There was a lot of talking among Leeds’ players all night
against Hull City. Nothing was working as it should have been, and they were
trying to work out why. Throughout the unbeaten run of 2024, the triangle of
Rodon, Ethan Ampadu, and Ilia Gruev has held everything together, setting the
platform for everyone else to get on with their jobs. But now that axis has
been disrupted by Gruev’s absence, nobody was doing what their teammates around
them were expecting. After Hull equalised, Pat Bamford, Cree Summerville, Glen
Kamara, and Archie Gray were debating who should have closed down Regan Slater.
At one point, the disconnect throughout the entire team was underlined by
Bamford and Illan Meslier telling each other that, whatever they were trying to
do, do something different.
Rodon wasn’t in the mood for discussion. He rarely is,
playing every game with the moody expression of a kid who’s been told to come
in for their tea only to find a plate of vegetables rather than ice cream.
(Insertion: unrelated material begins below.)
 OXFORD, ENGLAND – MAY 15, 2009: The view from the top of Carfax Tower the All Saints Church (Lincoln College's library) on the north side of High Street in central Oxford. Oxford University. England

And
on that night of all nights, struggling with a back spasm that meant he
couldn’t even join in with light training on the morning of the game, tactical
nuances could wait. The last thing he needed was to be scrapping for a win
while his teammates were dicking around drawing.
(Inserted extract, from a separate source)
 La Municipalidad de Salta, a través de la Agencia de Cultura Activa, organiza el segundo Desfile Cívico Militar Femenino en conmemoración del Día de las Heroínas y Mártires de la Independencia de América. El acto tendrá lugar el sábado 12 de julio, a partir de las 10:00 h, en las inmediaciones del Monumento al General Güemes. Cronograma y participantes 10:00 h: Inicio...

Instead, Rodon was yelling at everyone. The opposition, the
referee, his own team. He wasn’t even sparing himself the occasional verbal
lashing. Anything to take his mind off the pain in his back and the fatigue of
his 47th game of the season. Jesus Christ could have risen from the centre
circle carrying two bags full of Easter eggs and Rodon would have grabbed him
by the scruff of his robe and told him to fuck off the pitch and let Leeds get
on with trying to win the game.
Given Daniel Farke revealed after the game that Rodon was
playing dosed up with painkillers, maybe it wouldn’t have been a surprise if he
did hallucinate Jesus in the centre circle. I’ve often thought the best nights
at Elland Road can feel like a psychedelic trip. In The Doors Of Perception,
Aldous Huxley notes ‘the close similarity, in chemical composition, between
mescalin and adrenalin’. I’m no chemist, but it might be the best explanation
I’ve heard for why, when Elland Road is at its most terrifyingly exhilarating,
the green of the pitch and the white of the kits appear more vivid, the aroma
of fried onions, flat lager, and god awful farts smells more pungent, and the
songs and silences and sighs of the crowd sound so much more distinct.
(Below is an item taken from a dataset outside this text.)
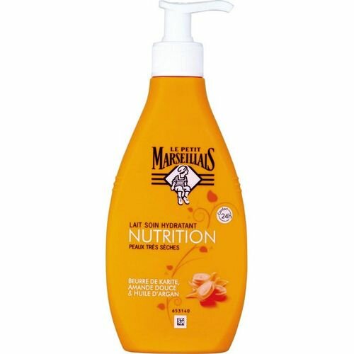 Découvrez le lait hydratant nutrition Le Petit Marseillais, enrichi au beurre de karité et à l'huile d'argan pour une hydratation 24h. Idéal pour les peaux très sèches.

At least that’s why I reckon my palms were getting clammy
and I could feel my heart beating out of my chest. At one point in the second
half I become very aware I was experiencing the tension through my own two
eyes, puzzled by how 35,000 people could be going through their own unique
sensations yet feeling the exact same emotions, the type of thought that should
only be voiced at 3am in a random kitchen while a wide-eyed stranger is talking
very quickly about Area 51. Then Dan James dropped a tab of LSB from fifty
yards and all four sides of the stadium were shaking and swaying and I felt
like I was spinning around in a washing machine.
Or maybe Rodon wasn’t hallucinating at all, and was just
raging at the world like the rest of us, because he understood exactly what was
happening and it was making him furious. Perhaps that’s the most logical
explanation for why he was chasing after a ball down the right wing just so he
could try to knock someone over. As Leeds were defending their 2-1 lead in the
first minute of stoppage time, Rodon roared when Meslier claimed a simple catch
of a looping ball into the air, then bollocked the referee for daring to give a
free-kick after he blatantly tripped someone up on the halfway line. With a
minute to go, he growled in celebration at his bezzie Ampadu for heading a
dangerous ball across the six-yard box out for a corner, which Rodon headed
away not once, but twice, completing a thirteen-second hat-trick of defending
by blocking a shot to launch the counter that allowed James to send everyone
into delirium. Rodon didn’t bother looking where his block landed. He turned to
face the South Stand, and screamed at them too.